%%

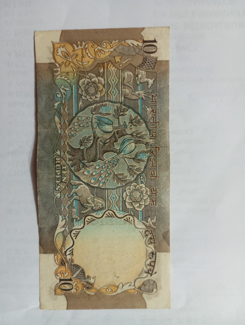 Rare old 10 rupees note peacock note
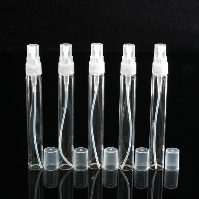 Parfem bočica (za parfeme) izrađena od stakla, okrugla, visoka, sa raspršivačem i poklopcem, zapremina 10 ml.
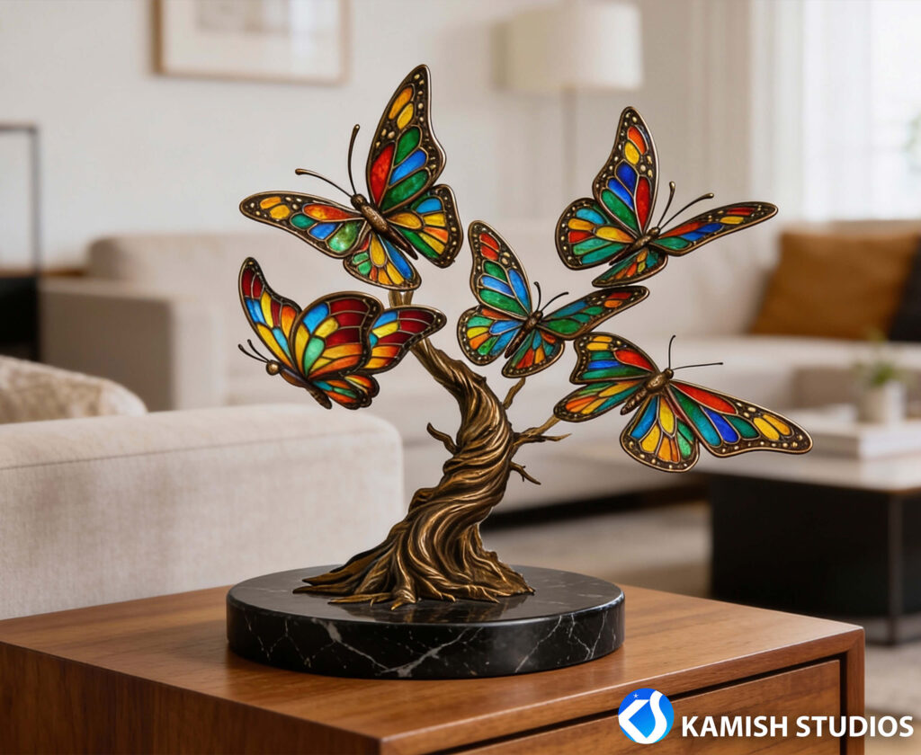 “Soaring Legacy” is an ascending composition of five butterflies—each marking a decade since the first women arrived at Notre Dame and embodying the themes of transformation, unity, progress, generational legacy, and enduring impact. They spiral upward in graceful motion, their wings filled with molten glass inlays of golden amber, deep red, and Notre Dame blue.
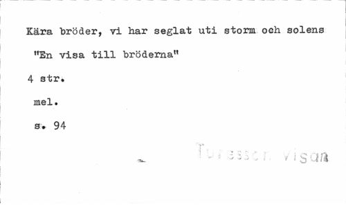 //// Kära "bröder, vi har seglat uti stona och solens //// "En visa till bröderna" 4 str. mel. b. 94 //// - -• ? i sa fö ////
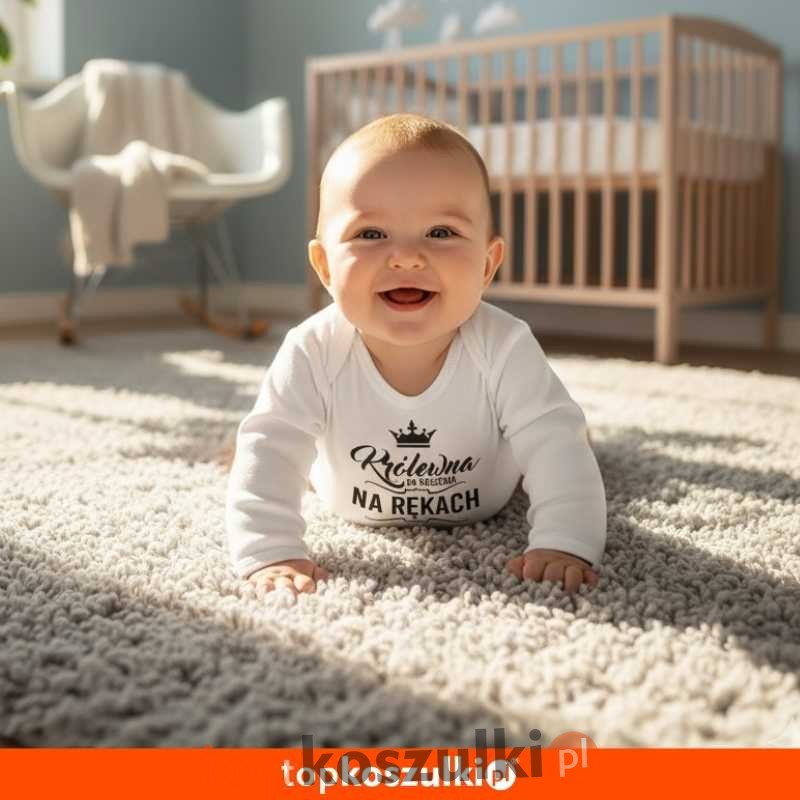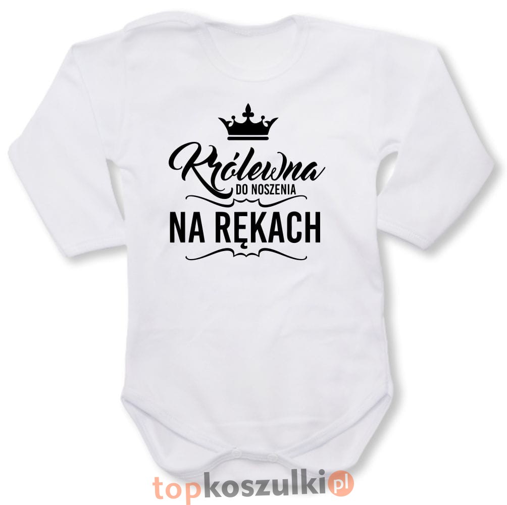 Urocze body niemowlęce z napisem "Królewna Do Noszenia Na Rękach" i koroną. Must-have dla każdej małej księżniczki! 100% miękka bawełna, długi rękaw. Wygodne i stylowe – idealne na prezent. Kup teraz!
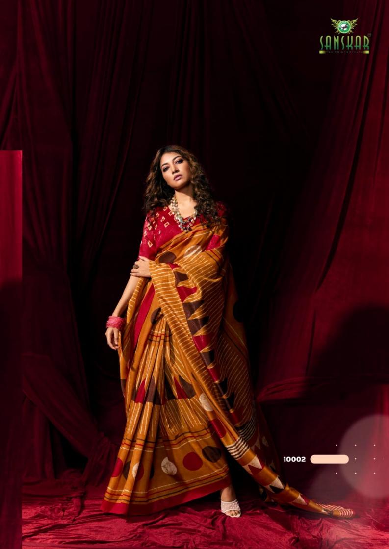 Looking for VERONICA BY SANSKAR TEX PRINTS MANIPURI COTTAN SILK FANCY SAREES Full Catalouge at Best Price? Buy Now VERONICA BY SANSKAR TEX PRINTS MANIPURI COTTAN SILK FANCY SAREES at Wholesale Rate of Rs 5240 with Total 8 Pcs from authroized dealer and supplier of Sanskar Tex Prints Brand. Cost of Each piece is just only Rs 655 which is very low and affordable price to resale the product in your retail store. rrgandhi is Surat based Wholesale Supplier & Dealer of Sanskar Tex Prints Brand. Click on Brand name to Know more about Brand's products.
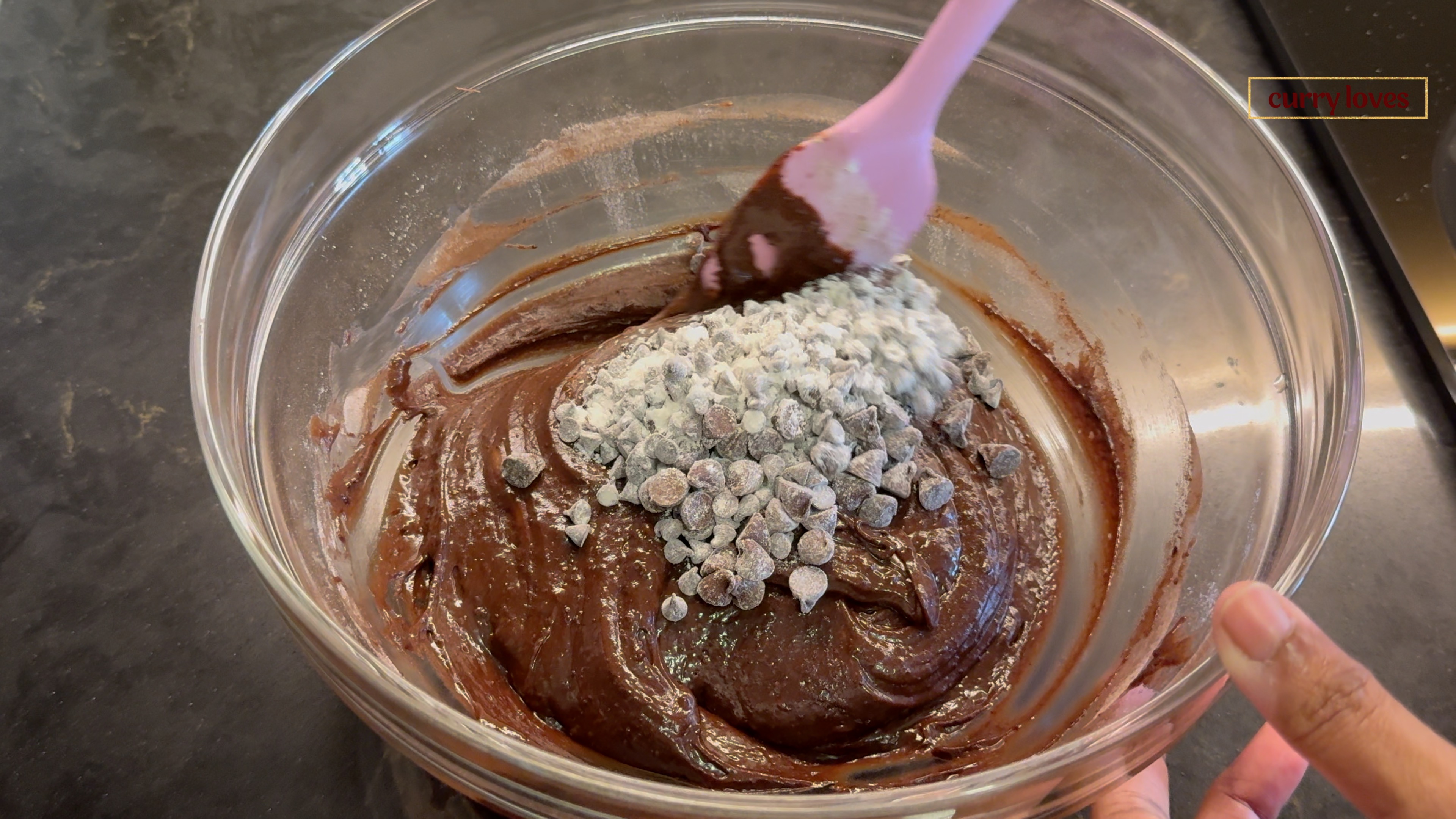 Gently fold in the chocolate chips (dusted in plain flour to prevent them from sinking to the bottom).
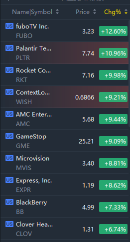 Meme stocks rebounded in morning trading; fuboTV Inc. gained over 12% and Palantir Technologies Inc. gained over 10%.
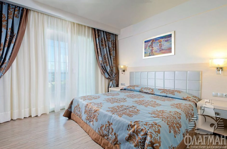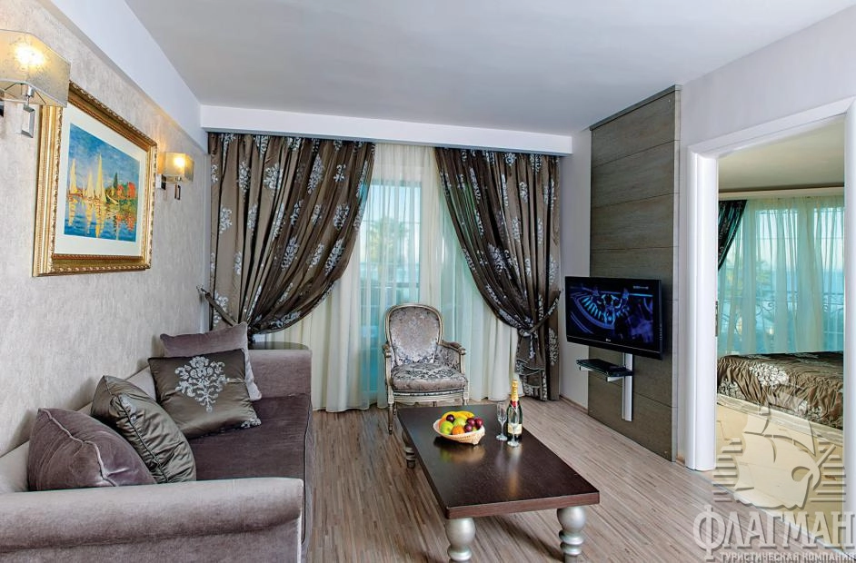 - deluxe suite SV (вид на море, 2 спальни и отдельная гостиная, осн. кровать — king-size кровать, доп. - 2 односпальные и софа, макс. 4+1 чел., 60 м2).

%%

## Task requirements
Starting at the line that holds "Meme stocks rebounded", copy each line exactly through the end of the material above, keeping both ends and dropping the pictures.

## Answer to the problem
 Meme stocks rebounded in morning trading; fuboTV Inc. gained over 12% and Palantir Technologies Inc. gained over 10%.
 - deluxe suite SV (вид на море, 2 спальни и отдельная гостиная, осн. кровать — king-size кровать, доп. - 2 односпальные и софа, макс. 4+1 чел., 60 м2).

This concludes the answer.